Durant tous ces moments où les virus faisaient rage tant en Occident qu’en Orient, de nombreuses mentions de prières, formules et messes dédiées à repousser le fléau ont été retrouvées. Il existe également différents saints spécialisés de la chose. Saint Sébastien, saint antique du IIIe siècle, s’est imposé au Moyen-Age comme un puissant saint antipesteux. Plus récemment, un autre saint plutôt secondaire à l'origine, saint Roch, est devenu à partir du XIVe siècle un grand saint invoqué contre la peste, dont les reliques et les images sont censées conjurer le fléau. A Rome, il existe une icône, conservée dans la basilique Sainte-Marie-Majeure, représentant la Vierge, qui a fait l'objet d'une légende élaborée au Moyen-âge. On lui prêtait d'avoir sauvé la ville lors d'une peste aux alentours de 600, lors de la pandémie de la peste dite "de Justinien" (541-767), qui frappa le bassin méditerranéen sur deux siècles. Elle est ainsi régulièrement portée en procession dans les rues de Rome, et la ville lui attribue sa sauvegarde en cas d'épidémie. Elle n’a à notre connaissance pas encore été sortie de son église pour lutter contre les effets du Covid-19.

On notera, pour conclure en ce jour de Pâques 2020, que l'intensification du phénomène religieux accompagne toujours les grandes crises. Pendant la grande peste, un mouvement a frappé les imaginaires, celui des "Flagellants", des processions de fidèles qui se fouettaient pour expier leurs péchés, avec l'idée que l'épidémie était une punition de Dieu. La papauté, qui y voyait un élément de désordre, s'est empressée de condamner cette pratique. Et d'ailleurs aujourd'hui, il y a fort peu de chance d’entendre cette semaine le pape François dire que le coronavirus a été envoyé sur la Terre pour punir le péché des Hommes ; ce genre de discours là ne faisant plus partie de l'arsenal des plus hautes autorités de l'Eglise.

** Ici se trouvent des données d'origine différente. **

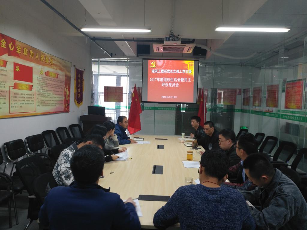 2018年3月13日下午,建筑工程系党总支教工党支部召开2017年组织生活会暨民主评议党员会。建筑工程系党总支书记李五祥同志、副主任唐芳柱同志、党总支副书记葛坤同志、以及教工党支部全体党员出席本次会议,四名教师和学生群众代表列席会议,会议由建筑工程系党总支教工党支部书记李世海同志主持。

Procession des flagellants de Bruges, à Tournai, le jour de l’Assomption 1349 - © Via Wikimedia Commons

Procession des flagellants de Bruges, à Tournai, le jour de l’Assomption 1349 - © Via Wikimedia Commons

Soit dit en passant, différents esprits fragiles seront toujours enclins à voir dans cette pandémie la main d’une puissance supérieure qui n’est pas nécessairement la Chine. On rapporte par exemple qu’aurait été vu récemment un certain nombre de cygnes noirs qui, dans l’imagerie populaire annoncent différents fléaux et événements inattendus. On lit dans le ciel la présence de comètes et leur chapelet de misères… Une certitude : ce virus de nouvelle génération comme beaucoup d’autres avant lui a un impact très important sur l’économie, déstructure les réseaux habituels et renforce les pouvoirs des Gafa. Face à cette pandémie, l’idée est de se soutenir tous en se disant que demain sera meilleur et qu’il est essentiel de se relancer dès la fin du confinement dans une activité intense afin de faire que ce virus ait le moins d’incidence sur nos vies de demain…

Ainsi soit-il !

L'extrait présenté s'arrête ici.